▶ Recorded information
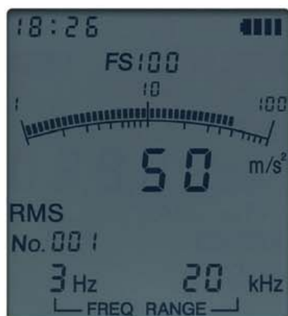
Measurement data display screen

The large LCD panel displays the bar graph meter and numeric reading at the same time, making it easy to visually evaluate any changes immediately. The display also shows the frequency range setting and other useful information. Backlighting can be turned on if required, allowing use of the unit also in dark locations. In case of overload, the indication "OVER" appears, and the entire display color changes to red.
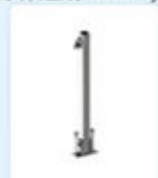
U型底座、方管、L型连接件、平弹垫、滑块螺母、内六角螺栓 U type base, square tube, L type connector, slider nut, inner six angle bolt, flat elastic pad
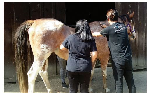
Maslow Project youth working with the animals on the farm.

And yet, because of you, she now has a new outlook and hope.
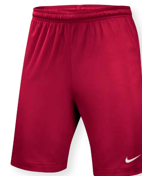
728946 / DIGITAL EQUALISER SHORT / $45 728979 / YOUTH DIGITAL EQUALISER SHORT / $40

FIRST OFFER DATE: 1-1-2016 END DATE: 12-31-2018 FABRIC: 100% POLYESTER ADULT SIZES: S, M, L, XL, 2XL YOUTH SIZES: S, M, L, XL
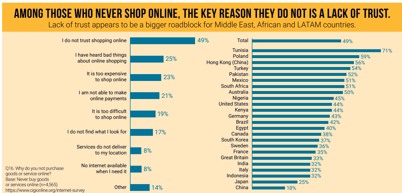
Figure 2: Lack of trust as a barrier to shopping online.

What contributes to this lack of trust? The consumer experience of shopping online is affected by numerous local factors including telecommunications infrastructure, available payment systems, the state of consumer protection, which companies are dominant and more. It is possible however, to identify some common issues that consumers encounter that can make them unable or reluctant to shop online. These range from unclear and confusing business practices to outright scams and cybercrime. Lack of redress when things go wrong can also undermine trust.
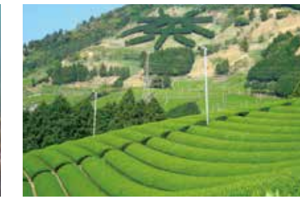
Kakegawa region, Shizuoka Prefecture (Chamoji tea character and tea fields)
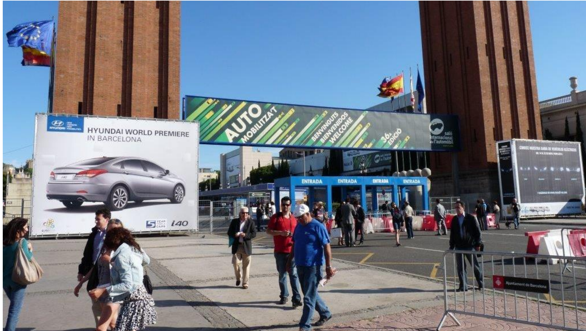
CPTV – Free standing (8 x 6 x 1,50 m.)
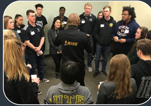
Leadership Workshops & Roundtables
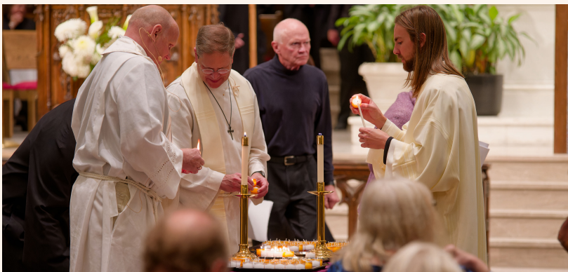
We light candles and remember our beloved saints.

The 10:30 Choral Eucharist will feature John Rutter's sublime Requiem , with the Central Lutheran Church Choir and musicians of the Metropolitan Symphony Orchestra. We will have additional singers join us for this offering. If you are not a regular choir member, but would like to join us for the requiem, see the next page.
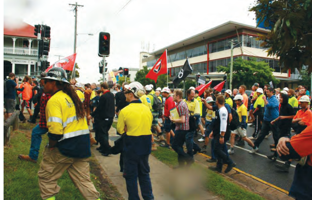
Brisbane, 2 May 2014: Trade unionists from the construction industry were in the forefront of an action that swept the white supremacist Australia First Party off the streets. Mobilising trade union contingents is crucial to anti-fascist struggles. Union contingents represent social power and carry with them the implied threat of industrial action if they are attacked. Workers' contingents at anti-fascist mobilisations have the potential to compel police intent on defending the fascists to stand aside, thus allowing the fascists to be driven off the streets.

It is true that the fascists, right now, do not have the strength that they had in the days of the Old and New Guards. However, their neo-Nazi counterparts in Europe have been breeding at an alarming rate feeding off the huge unemployment and insecurity caused by decaying capitalism and its severe economic crises. Right now, white supremacist outfits are succeeding in whipping up more and more violent racist attacks on coloured individuals. Working class people cannot allow non-white members of our class to be terrorised in this way. We cannot afford to allow people from a non-white background to be so intimidated that they will be unable to undertake the crucial role that they have often played in the struggle for all of our collective rights. We cannot and will not allow Hitler-loving lunatics to divide our side with racism.

▶ Exercise instructions
Within the listing above, write out the stretch from the line with "728946 / DIGITAL" through the line with "Figure 2: Lack" exactly. Any pictures are to be left out.

▶ Your response
728946 / DIGITAL EQUALISER SHORT / $45 728979 / YOUTH DIGITAL EQUALISER SHORT / $40

FIRST OFFER DATE: 1-1-2016 END DATE: 12-31-2018 FABRIC: 100% POLYESTER ADULT SIZES: S, M, L, XL, 2XL YOUTH SIZES: S, M, L, XL
Figure 2: Lack of trust as a barrier to shopping online.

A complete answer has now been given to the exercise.